■ Records for the exercise:
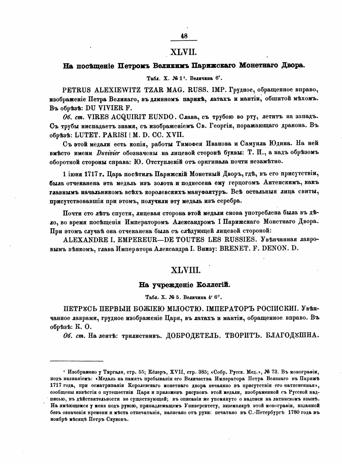 • Изображено у Тирга.ля, стр. 55; Кёлеръ, XVII, стр. 385; «Собр. Русск. Мед.), 73. Въ
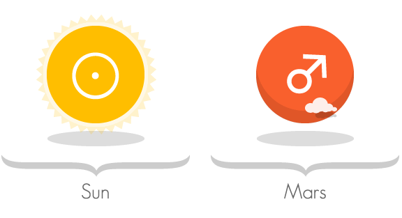 这种合相象征意志力,体现在需要力量与勇气的行动之中。它是纯粹的阳性相位,由太阳与火星共同主宰的宫位,指向充满活力与才能的领域,其意义与合相所在的宫位相互呼应。太阳代表展现力量的自然倾向,火星则象征行动本身,拥有此合相的人往往积极而果断。其积极程度取决于合相所在的宫位与形态,同时也受太阳和火星所主宰宫位的影响,以及合相与其他行星形成的相位关系。
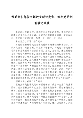 常委组织部长主题教育研讨发言:抓牢党的创新理论武装.docx
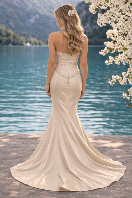 De zeemeermin pasvorm volgt mooi het silhouet en loopt uit in een zachte sleep die sierlijk over de grond valt.
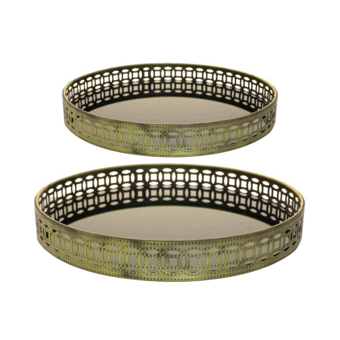 Set of two gold and black trays with mirrored bottoms. Can also be used as candle holders, where the mirrors create a beautiful effect.
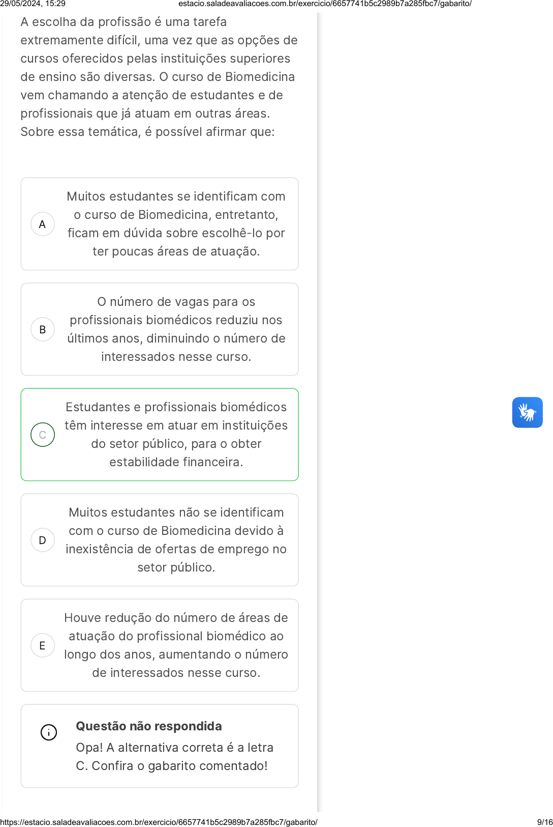 A B C D E A escolha da profissão é uma tarefa extremamente difícil, uma vez que as opções de cursos oferecidos pelas instituições superiores de ensino são diversas. O curso de Biomedicina vem chamando a atenção de estudantes e de profissionais que já atuam em outras áreas. Sobre essa temática, é possível afirmar que: Muitos estudantes se identificam com o curso de Biomedicina, entretanto, ficam em dúvida sobre escolhê-lo por ter poucas áreas de atuação. O número de vagas para os profissionais biomédicos reduziu nos últimos anos, diminuindo o número de interessados nesse curso. Estudantes e profissionais biomédicos têm interesse em atuar em instituições do setor público, para o obter estabilidade financeira. Muitos estudantes não se identificam com o curso de Biomedicina devido à inexistência de ofertas de emprego no setor público. Houve redução do número de áreas de atuação do profissional biomédico ao longo dos anos, aumentando o número de interessados nesse curso. Questão não respondida Opa! A alternativa correta é a letra C. Confira o gabarito comentado! 29/05/2024, 15:29 estacio.saladeavaliacoes.com.br/exercicio/6657741b5c2989b7a285fbc7/gabarito/ https://estacio.saladeavaliacoes.com.br/exercicio/6657741b5c2989b7a285fbc7/gabarito/ 9/16

■ Your goal: Without the pictures, return all the records precisely as they stand.

■ Solved problem:
 • Изображено у Тирга.ля, стр. 55; Кёлеръ, XVII, стр. 385; «Собр. Русск. Мед.), 73. Въ
 这种合相象征意志力,体现在需要力量与勇气的行动之中。它是纯粹的阳性相位,由太阳与火星共同主宰的宫位,指向充满活力与才能的领域,其意义与合相所在的宫位相互呼应。太阳代表展现力量的自然倾向,火星则象征行动本身,拥有此合相的人往往积极而果断。其积极程度取决于合相所在的宫位与形态,同时也受太阳和火星所主宰宫位的影响,以及合相与其他行星形成的相位关系。
 常委组织部长主题教育研讨发言:抓牢党的创新理论武装.docx
 De zeemeermin pasvorm volgt mooi het silhouet en loopt uit in een zachte sleep die sierlijk over de grond valt.
 Set of two gold and black trays with mirrored bottoms. Can also be used as candle holders, where the mirrors create a beautiful effect.
 A B C D E A escolha da profissão é uma tarefa extremamente difícil, uma vez que as opções de cursos oferecidos pelas instituições superiores de ensino são diversas. O curso de Biomedicina vem chamando a atenção de estudantes e de profissionais que já atuam em outras áreas. Sobre essa temática, é possível afirmar que: Muitos estudantes se identificam com o curso de Biomedicina, entretanto, ficam em dúvida sobre escolhê-lo por ter poucas áreas de atuação. O número de vagas para os profissionais biomédicos reduziu nos últimos anos, diminuindo o número de interessados nesse curso. Estudantes e profissionais biomédicos têm interesse em atuar em instituições do setor público, para o obter estabilidade financeira. Muitos estudantes não se identificam com o curso de Biomedicina devido à inexistência de ofertas de emprego no setor público. Houve redução do número de áreas de atuação do profissional biomédico ao longo dos anos, aumentando o número de interessados nesse curso. Questão não respondida Opa! A alternativa correta é a letra C. Confira o gabarito comentado! 29/05/2024, 15:29 estacio.saladeavaliacoes.com.br/exercicio/6657741b5c2989b7a285fbc7/gabarito/ https://estacio.saladeavaliacoes.com.br/exercicio/6657741b5c2989b7a285fbc7/gabarito/ 9/16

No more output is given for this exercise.